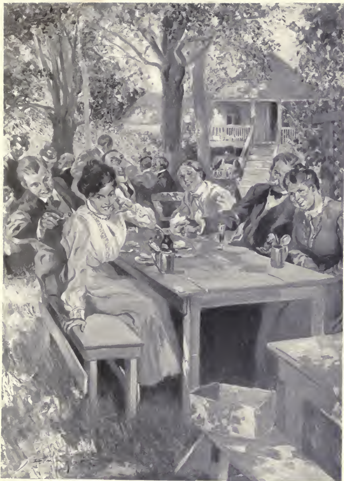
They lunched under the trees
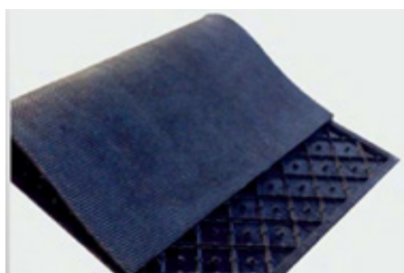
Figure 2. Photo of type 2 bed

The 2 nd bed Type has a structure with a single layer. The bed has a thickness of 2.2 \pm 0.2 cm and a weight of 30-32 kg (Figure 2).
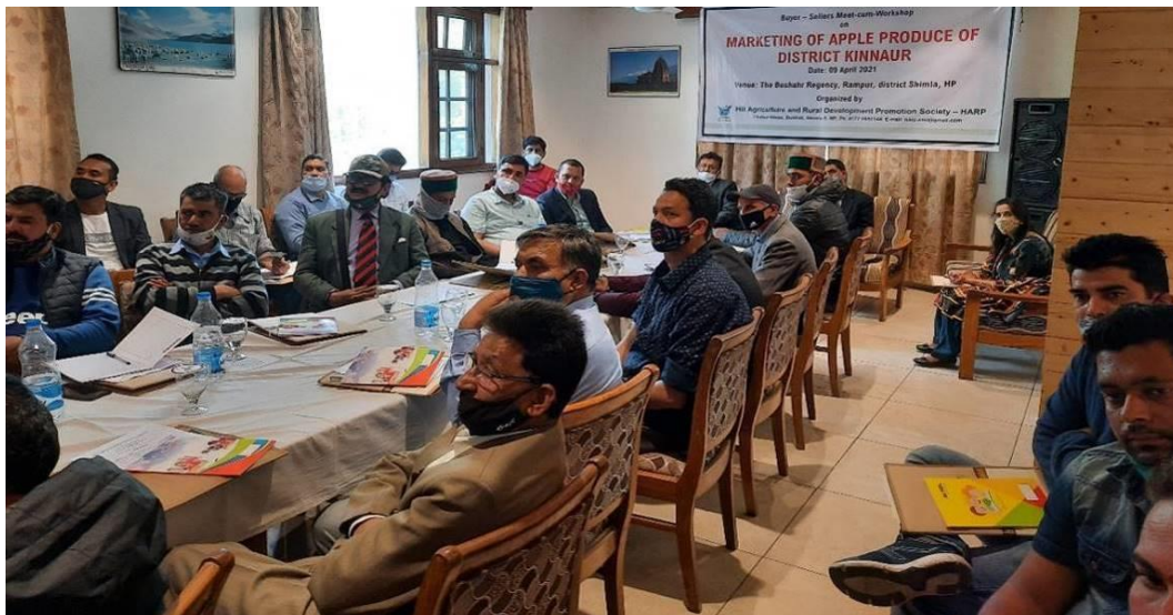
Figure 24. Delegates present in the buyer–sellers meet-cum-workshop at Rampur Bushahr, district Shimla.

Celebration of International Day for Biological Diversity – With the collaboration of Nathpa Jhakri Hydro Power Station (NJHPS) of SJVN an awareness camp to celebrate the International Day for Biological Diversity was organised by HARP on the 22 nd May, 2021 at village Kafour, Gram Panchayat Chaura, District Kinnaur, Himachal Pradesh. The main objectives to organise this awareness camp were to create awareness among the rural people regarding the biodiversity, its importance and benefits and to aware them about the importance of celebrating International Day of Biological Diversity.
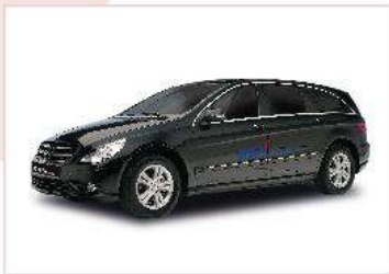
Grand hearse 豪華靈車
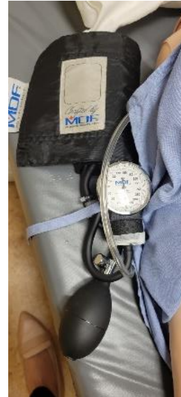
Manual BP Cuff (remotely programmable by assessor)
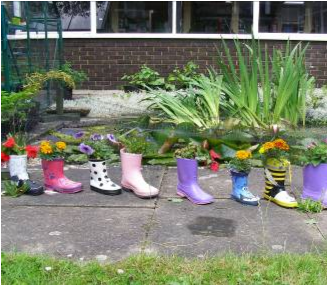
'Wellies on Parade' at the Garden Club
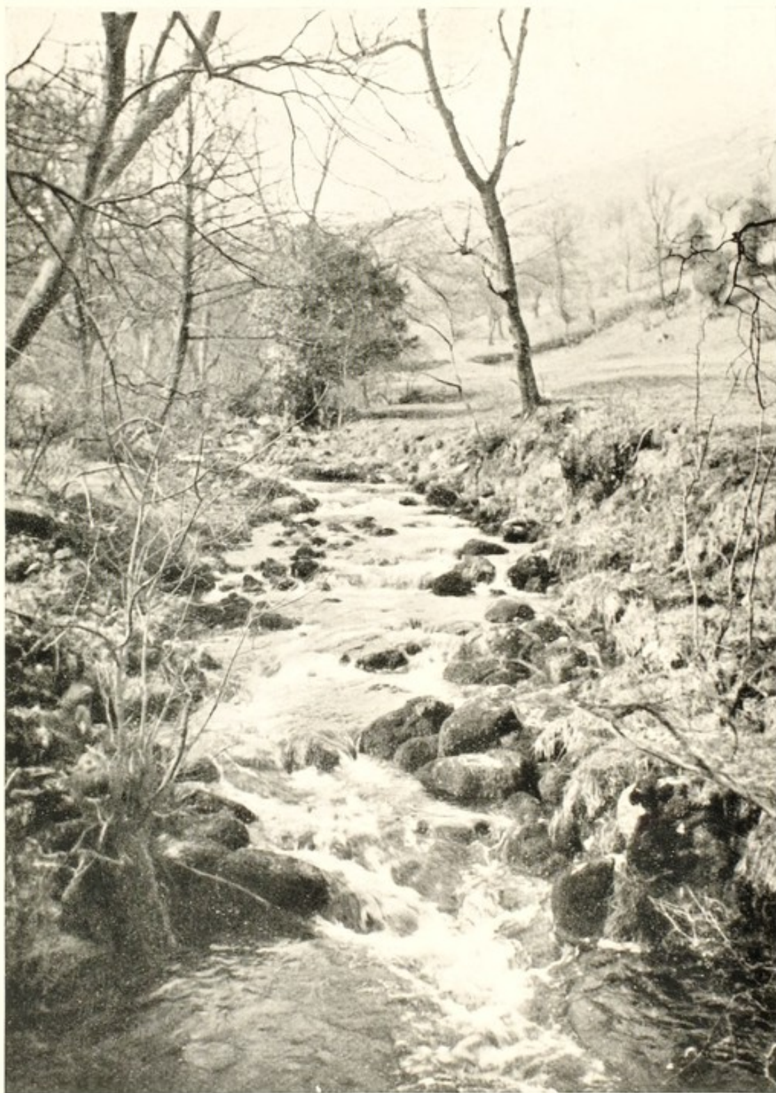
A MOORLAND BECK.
---*---
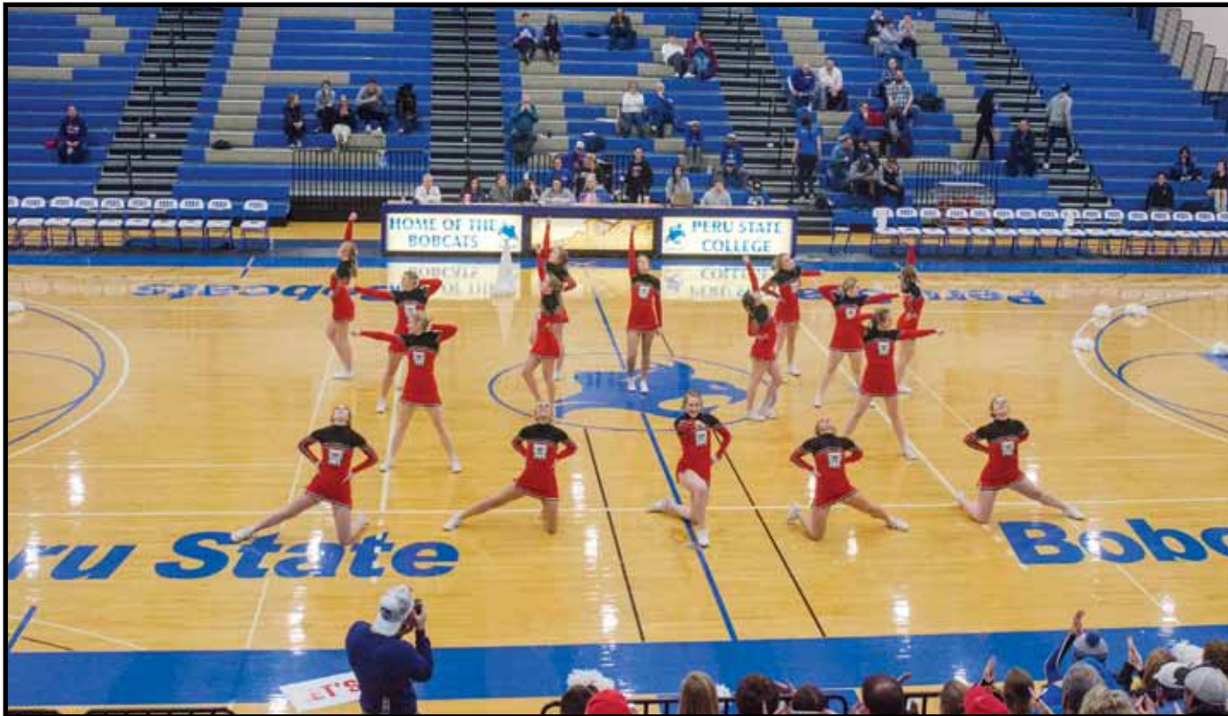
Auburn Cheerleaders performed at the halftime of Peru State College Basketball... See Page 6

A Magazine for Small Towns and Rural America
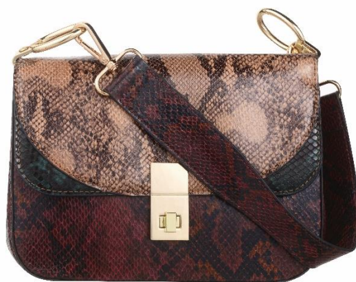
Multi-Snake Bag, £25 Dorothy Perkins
---*---
§ Your objective:
Out of the records above, please copy exactly the lines from the line with "They lunched under the trees" up to and including the line with "Figure 24. Delegates", minus the pictures.

§ Solved exercise:
They lunched under the trees
Figure 2. Photo of type 2 bed

The 2 nd bed Type has a structure with a single layer. The bed has a thickness of 2.2 \pm 0.2 cm and a weight of 30-32 kg (Figure 2).
Figure 24. Delegates present in the buyer–sellers meet-cum-workshop at Rampur Bushahr, district Shimla.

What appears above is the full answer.